### TRY IT
Needed from the data below: every line from the one with "Fototapeta premium Majestic" up to and including the one with "Pullover Mohair Kurzarm rosa", repeated exactly and with nothing else.

### EXTRACTED ENTRIES
-=-=-

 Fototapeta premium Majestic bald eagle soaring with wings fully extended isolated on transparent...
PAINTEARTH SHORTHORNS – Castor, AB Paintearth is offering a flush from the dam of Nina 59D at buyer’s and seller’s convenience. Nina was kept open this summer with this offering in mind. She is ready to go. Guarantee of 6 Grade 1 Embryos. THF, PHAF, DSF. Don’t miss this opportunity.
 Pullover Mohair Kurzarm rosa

-=-=-

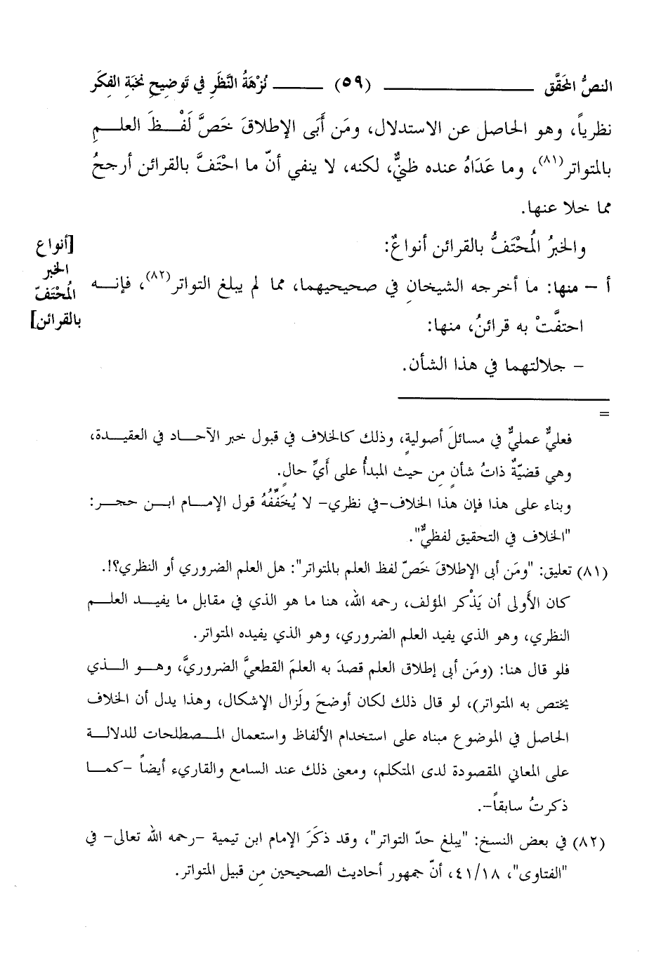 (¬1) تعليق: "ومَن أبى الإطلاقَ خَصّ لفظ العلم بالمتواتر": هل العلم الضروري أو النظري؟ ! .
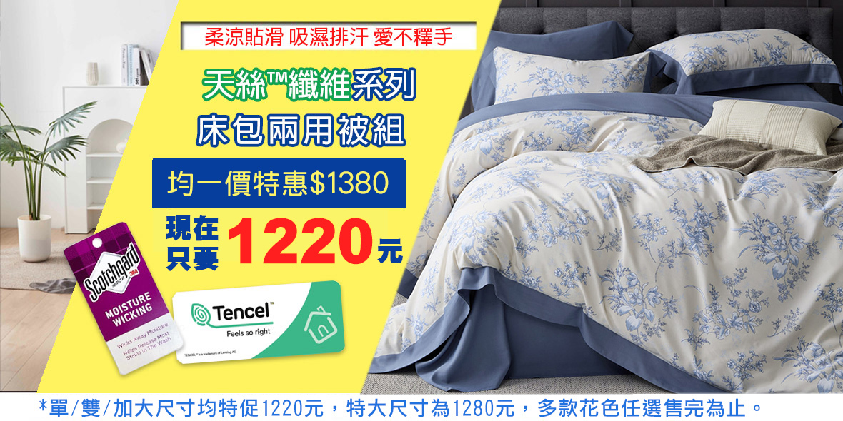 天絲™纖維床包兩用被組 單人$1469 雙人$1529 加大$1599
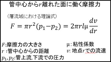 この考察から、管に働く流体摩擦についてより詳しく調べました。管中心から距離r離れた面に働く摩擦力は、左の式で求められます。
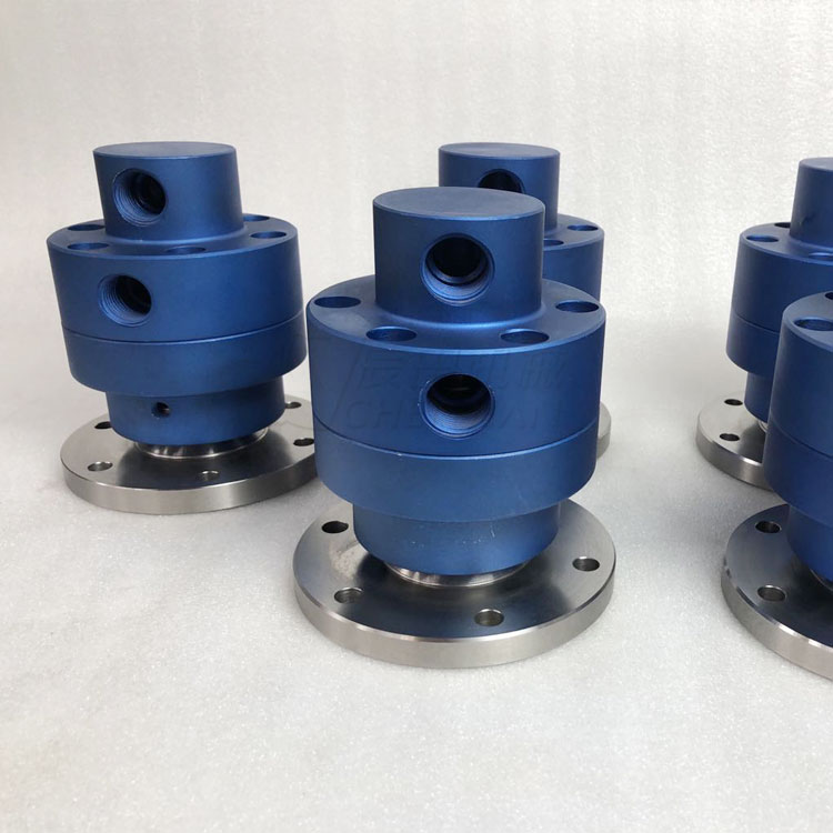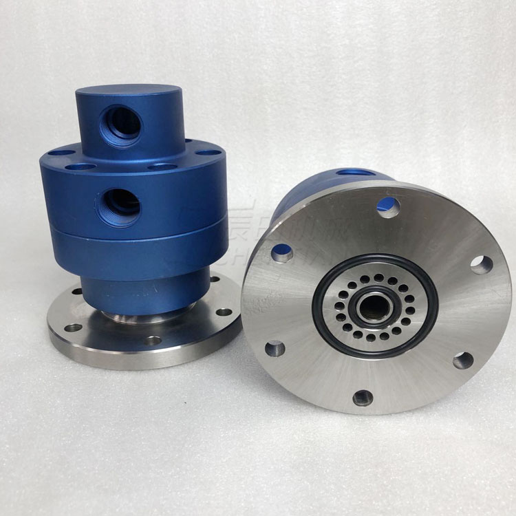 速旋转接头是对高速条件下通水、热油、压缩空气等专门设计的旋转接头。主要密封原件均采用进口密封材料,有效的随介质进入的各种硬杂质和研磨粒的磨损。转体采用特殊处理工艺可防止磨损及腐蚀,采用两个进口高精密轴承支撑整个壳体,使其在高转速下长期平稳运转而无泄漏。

-=-=-

### SOLUTION BELOW
 Fototapeta premium Majestic bald eagle soaring with wings fully extended isolated on transparent...
PAINTEARTH SHORTHORNS – Castor, AB Paintearth is offering a flush from the dam of Nina 59D at buyer’s and seller’s convenience. Nina was kept open this summer with this offering in mind. She is ready to go. Guarantee of 6 Grade 1 Embryos. THF, PHAF, DSF. Don’t miss this opportunity.
 Pullover Mohair Kurzarm rosa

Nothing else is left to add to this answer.